I found your comments quite reasonable. Bioperl has a lot to offer, but the
documentation is not exactly coherent. Personally I think that a good HOWTO
goes far to solve this problem as most people probably start to use Bioperl
because they have a specific task in mind.

I've started writing a HOWTO on Features and Annotations, I would appreciate
your taking a look at it and telling me what you think, here's the URL:

http://bioperl.org/HOWTOs/html/Feature-Annotation.html

Ignore the blank sections, please!
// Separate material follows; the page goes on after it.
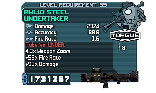 jó cucc,csak sajna nincs elemental rajta,nomeg a gyakorisága látszik az árán is,lásd hiába pearl,a revolver értéke sokkal nagyobb.meg amiért haragszok,hogy a rakétavetők nem igazán használhatók,mert találni kell vele,lassú,hiába a 2300+90% sebzés,a revolverem is hoz majdnem ennyit,és ahhoz több lőszer is spájzolható,a reload is sokkal gyorsabb,és maga a lövedék is "azonnal" ott van,ahova célzok.viszont ezzel csoport közé lőni jó dolog,főleg az alapjátékban,avagy a lépegetők ellen,azok nem mozognak gyorsan,fejre kell lőni vele -

Any comments would be appreciated, since
you're precisely the sort of user I'm trying to write for, someone with
substantial experience in one of those fields that comprises bioinformatics,
but not all.

Brian O.

-----Original Message-----
From: bioperl-l-bounces at portal.open-bio.org
[mailto:bioperl-l-bounces at portal.open-bio.org]On Behalf Of
andreas.bernauer at gmx.de
Sent: Thursday, December 11, 2003 6:55 PM
To: bioperl-l at bioperl.org
Subject: [Bioperl-l] Experiences from a newbie

Hi,

I was not going to write an email, but I've read the Bioperl overview
and it encouraged me to do so.  The reason why I was not going to
write an email is that I don't know where to start with the
difficulties I had.  I don't want to blame anybody and usually I had
the feeling I didn't get some things to work because I am missing
something very little.

OK, here we go.  My background: lots of programming experience, but
not in perl, first time user of Bioperl.  Running on Linux.

The installation was easy as far as I remember.  Some things to add
like with almost every Linux program installation, but nothing
exciting as far as I remember.

The first point I got overwhelmed was in the tutorial: It was very
huge and covered a lot of stuff I didn't want to do, so I tried to
read only the parts I was interested in.

I read the section about the different objects BioPerl is using.  I
found this section rather confusing, as I don't understand, when to
use which object and why I had to care about them.  I just wanted to
read in a file and get some information out of it.

My task was to extract the translation information out of a GenBank
file that I got from NCBI, that describes a whole genome of a
bacterium.  The file has the nucleotide information and in the
FEATURES section all predicted proteins.  I wanted those proteins to
be written into a FASTA file.

So I used the following code:

use Bio::SeqIO;

$in  = Bio::SeqIO->new(-file => shift @ARGV,
                       -format => 'GenBank');
$out = Bio::SeqIO->new(-file => ">outputfilename",
                       -format => 'FASTA');
while ( my $seqobj = $in->next_seq() )
  {$out->write_seq($seqobj); }

which I got from the tutorial (III.2).

I run this script and got a FASTA file with the DNA.  Hm, well, that's
what's in the GenBank file and that's what I got, but not what I
wanted.  OK, my fault, let's get the FEATURES.

So I looked into the tutorial and went to section III.7.1 Representing
sequence annotations and found this line:

@allfeatures = $seqobj->all_SeqFeatures(); # descend into sub features

adding this to my script yielded an error:

Can't locate object method "all_SeqFeatures" via package
"Bio::SeqIO::genbank" (perhaps you forgot to load
"Bio::SeqIO::genbank"?) at ./test.pl line 10.

Hm, the section meant probably something else with $seqobj.  Reviewing
the title, I saw, it should be a RichSeq object.  OK, how can I
translate my SeqIO object into a RichSeq object?  (And by the way, why
do I have to do it?  I mean, I've already read the file, why can't I
access the data?  This is where I think I am missing part of the
BioPerl philosophy or assuming too much.)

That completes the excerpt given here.